The mechanical cues sensed by cells growing on a scaffold, are generated by complex interactions involving the macroporous biomaterial, the hydrogel or liquid inside the scaffold pores, and the cells themselves (Levy-Mishali et al., 2009; Purslow, 2010). While mimicking the elastic properties of fat tissues (~2kPa in humans) can promote adipogenesis (Rowlands et al., 2008; Young et al., 2013; Ghasemi-Mobarakeh et al., 2015), mimicking the elastic properties of skeletal muscles (~10kPa) can promote myoblast fusion, and MSC differentiation to the muscle lineage (Discher et al., 2005; Engler et al., 2006; Rowlands et al., 2008; Lesman et al., 2011; Lapin et al., 2013; Loh and Choong, 2013; Ghasemi-Mobarakeh et al., 2015; Qazi et al., 2015; Perry et al., 2017b). Generating an intricate scaffold with several spatially organized cell niches, and a set of large pores for media perfusion, can mimic natural microenvironments found in the skeletal muscle and further modulate cell localization and differentiation (Zeltinger et al., 2001; Reilly and Engler, 2010; Park et al., 2011; Tse and Engler, 2011; Loh and Choong, 2013).

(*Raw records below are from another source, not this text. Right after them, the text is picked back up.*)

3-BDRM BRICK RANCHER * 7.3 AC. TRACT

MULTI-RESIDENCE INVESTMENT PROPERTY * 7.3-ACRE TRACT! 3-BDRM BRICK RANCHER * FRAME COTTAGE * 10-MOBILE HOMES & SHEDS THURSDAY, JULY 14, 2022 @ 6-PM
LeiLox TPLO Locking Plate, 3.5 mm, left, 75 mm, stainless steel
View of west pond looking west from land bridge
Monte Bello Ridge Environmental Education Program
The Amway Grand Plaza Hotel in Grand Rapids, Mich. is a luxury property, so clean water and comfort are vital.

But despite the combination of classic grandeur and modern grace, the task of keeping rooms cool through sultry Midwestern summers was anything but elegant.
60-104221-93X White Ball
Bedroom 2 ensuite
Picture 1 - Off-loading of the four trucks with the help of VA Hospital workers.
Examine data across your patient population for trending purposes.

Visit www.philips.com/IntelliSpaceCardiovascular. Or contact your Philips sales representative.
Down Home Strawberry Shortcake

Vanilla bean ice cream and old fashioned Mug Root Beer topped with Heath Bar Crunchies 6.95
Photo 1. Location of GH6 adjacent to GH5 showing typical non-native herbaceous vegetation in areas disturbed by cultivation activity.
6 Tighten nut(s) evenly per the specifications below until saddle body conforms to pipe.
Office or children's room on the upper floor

Hydrogels are ubiquitous in the field of tissue engineering, as they can mimic the 3D environment of the ECM. As such, they are designed with the consideration of their mechanical properties, cytocompatibility, mass transport and degradation kinetics (Drury and Mooney, 2003; Redaelli et al., 2017). Hydrogels can be used as a soft scaffold, as a source material for macroporous scaffolds, or as an ECM-like biomaterial that fills voids of the macroporous scaffolds (Drury and Mooney, 2003; Yegappan et al., 2018). For the latter, hydrogel polymerization must occur after cell seeding, using a cell-compatible solution and protocol (Drury and Mooney, 2003; Redaelli et al., 2017). The gelation kinetics and technique must be scalable, and allow for homogenous gelation throughout the construct (Ruel-Gariépy and Leroux, 2004; Redaelli et al., 2017).

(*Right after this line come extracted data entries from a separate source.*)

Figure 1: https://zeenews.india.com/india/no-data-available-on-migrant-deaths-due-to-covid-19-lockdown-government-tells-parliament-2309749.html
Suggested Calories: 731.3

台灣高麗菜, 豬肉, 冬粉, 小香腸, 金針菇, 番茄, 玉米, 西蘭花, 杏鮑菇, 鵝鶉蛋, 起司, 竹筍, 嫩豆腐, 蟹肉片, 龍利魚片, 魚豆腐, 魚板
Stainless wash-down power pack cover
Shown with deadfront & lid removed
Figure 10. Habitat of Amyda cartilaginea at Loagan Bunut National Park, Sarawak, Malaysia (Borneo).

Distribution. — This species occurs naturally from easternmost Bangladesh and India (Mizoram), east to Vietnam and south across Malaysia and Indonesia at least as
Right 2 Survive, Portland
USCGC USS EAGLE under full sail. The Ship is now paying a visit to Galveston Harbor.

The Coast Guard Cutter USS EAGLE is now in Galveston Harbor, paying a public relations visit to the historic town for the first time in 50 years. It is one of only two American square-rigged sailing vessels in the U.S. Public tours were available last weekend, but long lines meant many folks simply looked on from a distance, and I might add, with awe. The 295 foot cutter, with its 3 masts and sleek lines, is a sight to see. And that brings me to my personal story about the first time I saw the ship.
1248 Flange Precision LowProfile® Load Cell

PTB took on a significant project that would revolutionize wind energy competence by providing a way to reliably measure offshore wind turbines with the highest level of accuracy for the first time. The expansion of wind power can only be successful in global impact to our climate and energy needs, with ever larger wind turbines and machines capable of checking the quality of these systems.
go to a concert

Hydrogels can be used to produce bio-artificial muscles (BAMs)—strips of engineered skeletal muscle tissues. These constructs can be produced by seeding satellite cells inside a gel, anchored from both sides to mimic tension exerted by tendons (Post, 2012). Like macroporous scaffolds, the anchor points define the dimensions of the tissue and provide it with mechanical support. Over time, the gel shrinks and tension builds up in the BAM, which promotes myotube fusion and protein synthesis (Post and van der Weele, 2014). Gholobova et al. (2015) optimized BAM vascularization, showing fibrin gel is sufficient to form vascularized BAMs. Post (2014) generated circular muscle strips inside collagen/matrigel around hubs of agarose gel. Ten thousand of these strips were required to produce an 85-gram burger.

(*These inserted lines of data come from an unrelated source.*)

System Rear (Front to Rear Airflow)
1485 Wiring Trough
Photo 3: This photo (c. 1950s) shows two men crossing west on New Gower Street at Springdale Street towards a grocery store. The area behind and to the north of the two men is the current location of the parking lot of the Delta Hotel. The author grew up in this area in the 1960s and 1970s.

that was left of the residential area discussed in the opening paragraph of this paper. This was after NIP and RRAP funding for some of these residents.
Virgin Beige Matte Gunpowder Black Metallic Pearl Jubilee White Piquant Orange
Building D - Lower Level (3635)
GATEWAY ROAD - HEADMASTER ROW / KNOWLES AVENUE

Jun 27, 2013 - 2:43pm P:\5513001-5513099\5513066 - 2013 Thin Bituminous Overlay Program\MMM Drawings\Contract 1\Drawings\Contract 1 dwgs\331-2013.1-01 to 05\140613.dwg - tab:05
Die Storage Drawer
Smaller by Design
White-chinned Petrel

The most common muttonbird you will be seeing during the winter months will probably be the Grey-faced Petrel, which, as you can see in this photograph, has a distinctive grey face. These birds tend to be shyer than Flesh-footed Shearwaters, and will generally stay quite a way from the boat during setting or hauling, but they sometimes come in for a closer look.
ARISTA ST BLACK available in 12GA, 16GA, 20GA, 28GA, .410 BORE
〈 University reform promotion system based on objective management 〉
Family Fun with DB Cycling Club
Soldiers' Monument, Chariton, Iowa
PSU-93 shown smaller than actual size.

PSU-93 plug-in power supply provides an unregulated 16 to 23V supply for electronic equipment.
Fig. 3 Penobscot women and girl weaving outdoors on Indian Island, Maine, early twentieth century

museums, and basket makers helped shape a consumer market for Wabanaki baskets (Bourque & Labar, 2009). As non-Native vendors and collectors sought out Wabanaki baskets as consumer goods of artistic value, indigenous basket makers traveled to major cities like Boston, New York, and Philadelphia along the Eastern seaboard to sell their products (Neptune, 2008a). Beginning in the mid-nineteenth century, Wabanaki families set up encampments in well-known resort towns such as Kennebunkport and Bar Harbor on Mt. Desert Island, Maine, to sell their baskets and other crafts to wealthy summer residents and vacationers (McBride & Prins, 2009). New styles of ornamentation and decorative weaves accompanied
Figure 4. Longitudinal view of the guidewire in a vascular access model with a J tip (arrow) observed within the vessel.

In order to recapitulate muscle ECM, hydrogels for clean meat should be made from pre-synthesized ECM, polysaccharides or fibrous proteins. Hydrogels commonly used for skeletal muscle tissue engineering are comprised of biopolymers such as fibrin, collagen, or polysaccharides such as HA, alginate, agarose and chitosan (Drury and Mooney, 2003; Shit and Shah, 2014; Qazi et al., 2015; Wolf et al., 2015).
Fibrin is a naturally occurring fibrous protein that forms blood clots in injury sites. It is biologically designed to be a temporary scaffold for de-novo tissue regeneration in-vivo, which can degrade over days in cell media (Jockenhoevel et al., 2001; van Hinsbergh et al., 2001). As such, it is commonly used as a hydrogel for muscle tissue engineering (Koning et al., 2009). Fibrin gel is generated under the thrombin-mediated enzymatic cleavage of fibrinogen, which can be expressed in CHO cells (Harrysson and Lövgren, 2012; Hirashima et al., 2016).
Collagen and HA are naturally found in the muscle ECM. As such, they can be used to mimic some of the biochemical and biophysical properties of the native ECM, and are also susceptible to remodeling and degradation by the cells, crucial for cell migration and ECM maturation (Drury and Mooney, 2003). Collagen is often used in tissue engineering, as it is the most abundant protein in the body. The fibrous collagens I and III are abundant in the muscle ECM. They serve structural roles in the tissues, as anchoring points for cell adhesion, and facilitate cell migration and tissue development (Sweeney et al., 2008; Fuoco et al., 2016). However, collagen generates planar structures in the ECM (Purslow, 2014), and due to their high tensile strength, collagen hydrogels are mostly used to generate mechanically stable, cell adhesive, macroporous scaffolds (Drury and Mooney, 2003; Kadler et al., 2007). A collagen-fibrin mixture can be used as a hydrogel for muscle regeneration, which has been shown to promote cell proliferation and myotube differentiation (Beier et al., 2009).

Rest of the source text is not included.